*** Opening of Material shown ***

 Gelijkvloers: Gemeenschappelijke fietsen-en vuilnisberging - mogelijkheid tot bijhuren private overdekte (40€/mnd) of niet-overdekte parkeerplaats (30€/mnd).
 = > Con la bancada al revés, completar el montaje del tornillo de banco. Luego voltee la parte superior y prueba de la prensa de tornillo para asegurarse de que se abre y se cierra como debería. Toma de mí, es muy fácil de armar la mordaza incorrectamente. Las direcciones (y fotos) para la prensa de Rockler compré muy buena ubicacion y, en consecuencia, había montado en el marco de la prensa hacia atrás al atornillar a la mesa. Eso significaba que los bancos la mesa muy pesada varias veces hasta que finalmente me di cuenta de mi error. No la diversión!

*** Close of Material shown ***
*** Opening of Material shown ***

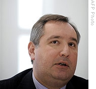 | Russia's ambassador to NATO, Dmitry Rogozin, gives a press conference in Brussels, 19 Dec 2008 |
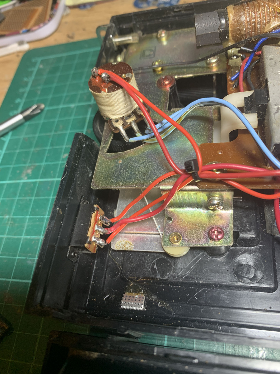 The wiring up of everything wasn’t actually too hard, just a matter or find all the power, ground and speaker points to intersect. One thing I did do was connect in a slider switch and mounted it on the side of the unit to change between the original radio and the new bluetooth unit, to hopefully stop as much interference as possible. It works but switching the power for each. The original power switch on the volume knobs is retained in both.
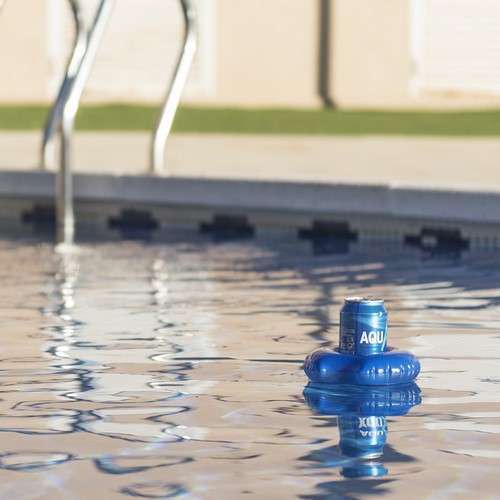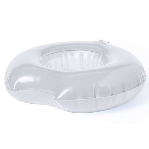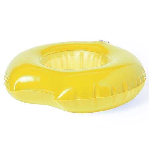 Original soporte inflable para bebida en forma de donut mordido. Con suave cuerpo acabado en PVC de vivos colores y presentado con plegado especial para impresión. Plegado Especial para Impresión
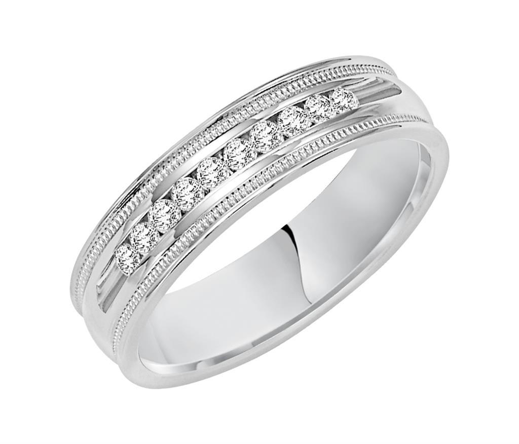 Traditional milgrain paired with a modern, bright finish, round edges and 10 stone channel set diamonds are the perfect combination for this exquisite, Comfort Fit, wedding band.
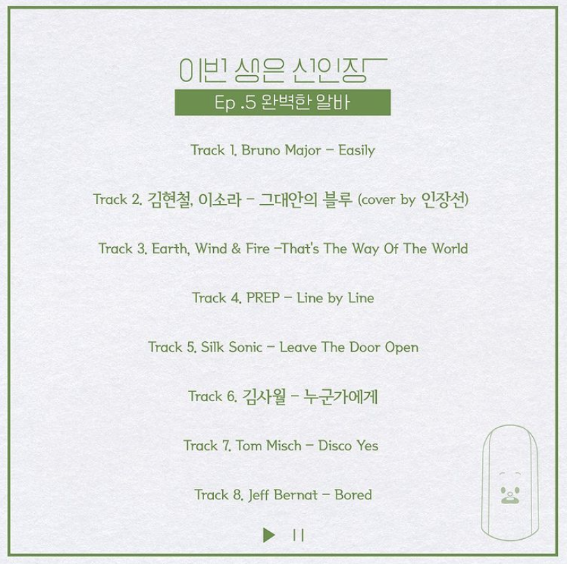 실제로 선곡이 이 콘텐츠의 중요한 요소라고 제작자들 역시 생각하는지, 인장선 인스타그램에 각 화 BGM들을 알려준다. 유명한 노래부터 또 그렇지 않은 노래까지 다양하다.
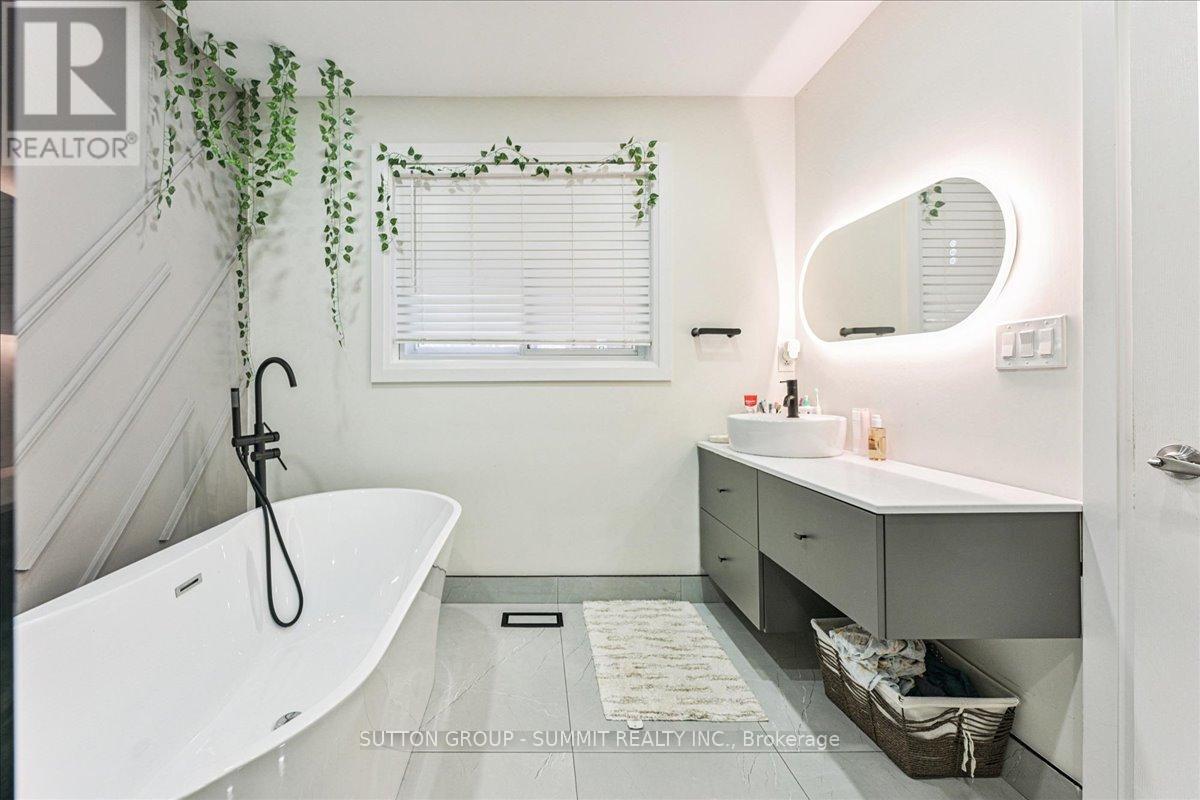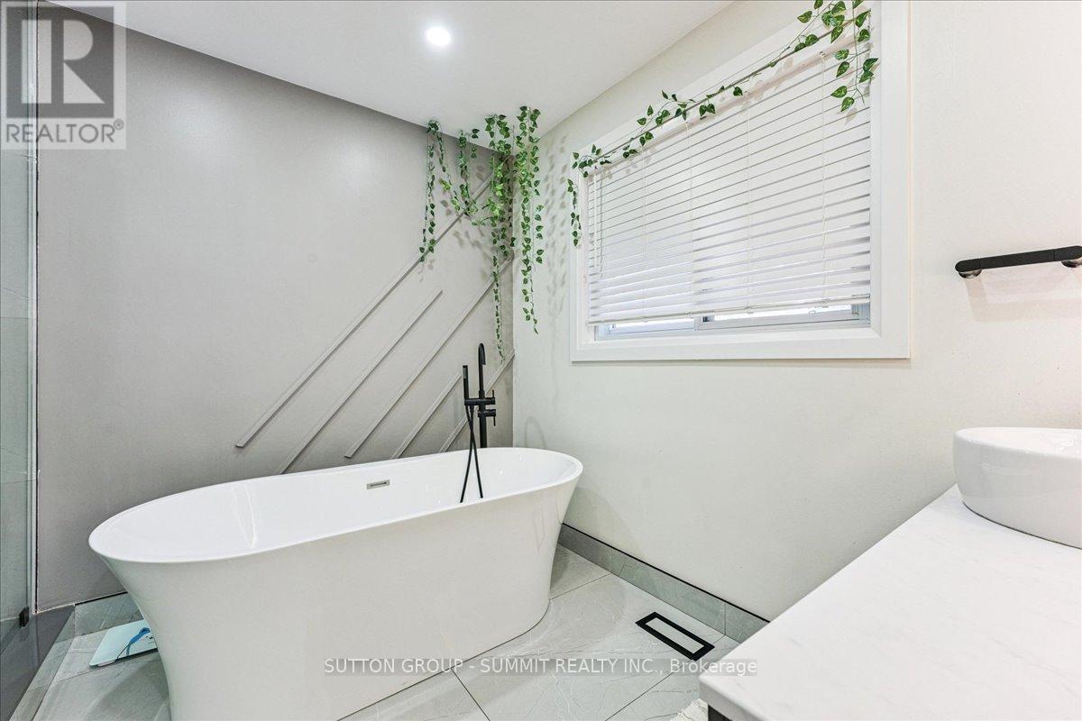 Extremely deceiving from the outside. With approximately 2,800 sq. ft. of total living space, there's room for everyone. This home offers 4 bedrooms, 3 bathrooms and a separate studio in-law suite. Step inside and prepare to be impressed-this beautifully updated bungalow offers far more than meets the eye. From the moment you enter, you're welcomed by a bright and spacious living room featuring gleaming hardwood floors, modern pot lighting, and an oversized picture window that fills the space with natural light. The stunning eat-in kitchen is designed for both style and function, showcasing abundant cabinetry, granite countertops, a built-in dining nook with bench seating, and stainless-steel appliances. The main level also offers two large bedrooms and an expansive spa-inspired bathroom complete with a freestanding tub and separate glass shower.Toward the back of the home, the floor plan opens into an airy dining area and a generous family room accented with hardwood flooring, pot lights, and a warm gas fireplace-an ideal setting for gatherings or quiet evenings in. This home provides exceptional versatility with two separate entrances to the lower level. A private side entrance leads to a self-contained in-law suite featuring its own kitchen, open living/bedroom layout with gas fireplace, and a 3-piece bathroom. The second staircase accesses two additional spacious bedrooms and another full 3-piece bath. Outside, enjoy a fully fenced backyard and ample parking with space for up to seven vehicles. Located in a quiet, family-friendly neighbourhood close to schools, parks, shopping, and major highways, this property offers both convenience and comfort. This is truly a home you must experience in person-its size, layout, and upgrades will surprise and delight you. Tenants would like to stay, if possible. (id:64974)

*** Close of Material shown ***

Required work: Restate word for word the entries above, starting at the line with "Gelijkvloers: Gemeenschappelijke fietsen-en" and ending at the line with "No la diversión!", inclusive, and no others.

Written response:
 Gelijkvloers: Gemeenschappelijke fietsen-en vuilnisberging - mogelijkheid tot bijhuren private overdekte (40€/mnd) of niet-overdekte parkeerplaats (30€/mnd).
 = > Con la bancada al revés, completar el montaje del tornillo de banco. Luego voltee la parte superior y prueba de la prensa de tornillo para asegurarse de que se abre y se cierra como debería. Toma de mí, es muy fácil de armar la mordaza incorrectamente. Las direcciones (y fotos) para la prensa de Rockler compré muy buena ubicacion y, en consecuencia, había montado en el marco de la prensa hacia atrás al atornillar a la mesa. Eso significaba que los bancos la mesa muy pesada varias veces hasta que finalmente me di cuenta de mi error. No la diversión!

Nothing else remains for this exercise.